A new student’s perspective

Here is a blog post from Mark Hopkins on his first couple of experiences trying Jiu Jitsu.  Enjoy!

 

“The instructor breaks my finger in the first three minutes. It’s my first private Brazilian Jiu Jitsu lesson and we’re not even training yet, he’s just showing me the pictures of the Grand-masters and explaining the lineage. So powerful is this art that my finger is crushed in an instant. No, in reality we were doing some kind of standing technique and he was perhaps just a tad over-zealous in demonstrating the grip break. Testosterone fueled douche-bag destroys newbie? Well maybe. I didn’t really get the sense he was being overly rough but still there we were, both looking at the interesting new angle my finger had achieved. I’m not sure it should be able to bend like that.
There’s no pain. Not yet. The shock is arriving from somewhere around my knees though and I have to have a little bit of a sit down on the mats. My instructor is beside himself with worry. I’ve never seen anybody so embarrassed. Three minutes has to be a new record. We improvise a splint with a pen and some sticky tape. Absolutely no charge for the lesson he says as he waves me goodbye.
I walk through the cold streets of Vancouver, the fine sleet thankfully numbing my hand a little as my body presents the check for services rendered and the pain begins to arrive. An hour later and I’m sitting in the consulting room of doctor Briggs, the perpetually cheerful Englishman who examines the splint, smiles broadly at me and says there’s nothing I can do now except wait. Merry Christmas he jokes as I leave. Bastard.
Six week go by and I find another school less known for its finger breaking. In Jiu Jitsu, there is one family known the world over for inventing the UFC and developing the art to the advanced form of physical chess it is now: the Gracies. As luck would have it they have a center near me. It’s a bit out of the way though and perhaps I wouldn’t have found it but for the broken finger and enforced rest period.
By now I’ve enlisted the help of a friend. I’m slightly scared of Toni who is Finnish, tough as hell and already has a black belt in several other martial arts including knife fighting, so I know I’m going with the right guy. If this new instructor tries any funny stuff with my fingers I’m unleashing some righteous Finnish Viking on his ass. It’s a tough world out there and it pays to keep a few scary friends around at all times.

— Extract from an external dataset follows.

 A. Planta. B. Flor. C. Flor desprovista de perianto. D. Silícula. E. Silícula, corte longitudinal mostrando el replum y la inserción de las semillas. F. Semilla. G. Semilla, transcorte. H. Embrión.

As it turns out my fears are completely unfounded. Marc is one of those super-competent, super-chilled martial artists you run in to from time to time. They are the mirror image of the usual tough-guy persona and somehow their preternatural calm is even more terrifying. Some deep part of you knows that here standing in front of you is a man who just knows an awful lot more about how your body moves, bends, locks and squashes than you do. There’s no ego here and Marc’s focus is entirely on  helping his students advance and the Gracie style itself, a masterpiece of pedagogical detail and emphasis. Toni and I are soon training three days a week and it’s not long before we find a pub nearby to serve as the venue for our post-game analysis. A few weeks in and I’m sitting by the fire with a pint in my hand realizing that my evenings have now been transformed into fighting followed by beer. Toni’s Viking ancestors would approve.

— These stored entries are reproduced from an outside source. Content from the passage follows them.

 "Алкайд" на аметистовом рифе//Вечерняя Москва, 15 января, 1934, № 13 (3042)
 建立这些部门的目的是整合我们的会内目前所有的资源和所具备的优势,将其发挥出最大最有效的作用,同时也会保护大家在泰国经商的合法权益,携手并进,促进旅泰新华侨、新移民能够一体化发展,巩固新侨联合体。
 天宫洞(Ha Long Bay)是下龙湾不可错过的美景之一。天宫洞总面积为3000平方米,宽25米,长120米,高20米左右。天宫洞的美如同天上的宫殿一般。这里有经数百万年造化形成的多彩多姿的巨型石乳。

This week I got my first stripe. That’s about thirty hours of rolling since finger-gate and about as many hours of theory again. This stuff is hard and my body hurts all the time still but it’s very addictive. The combination of both the physical and mental games is absolutely engaging. I’m not going for black belt. That’s ten years away and I’ll be old by then. We’ll try for blue though which is about a year. I’ll keep you posted”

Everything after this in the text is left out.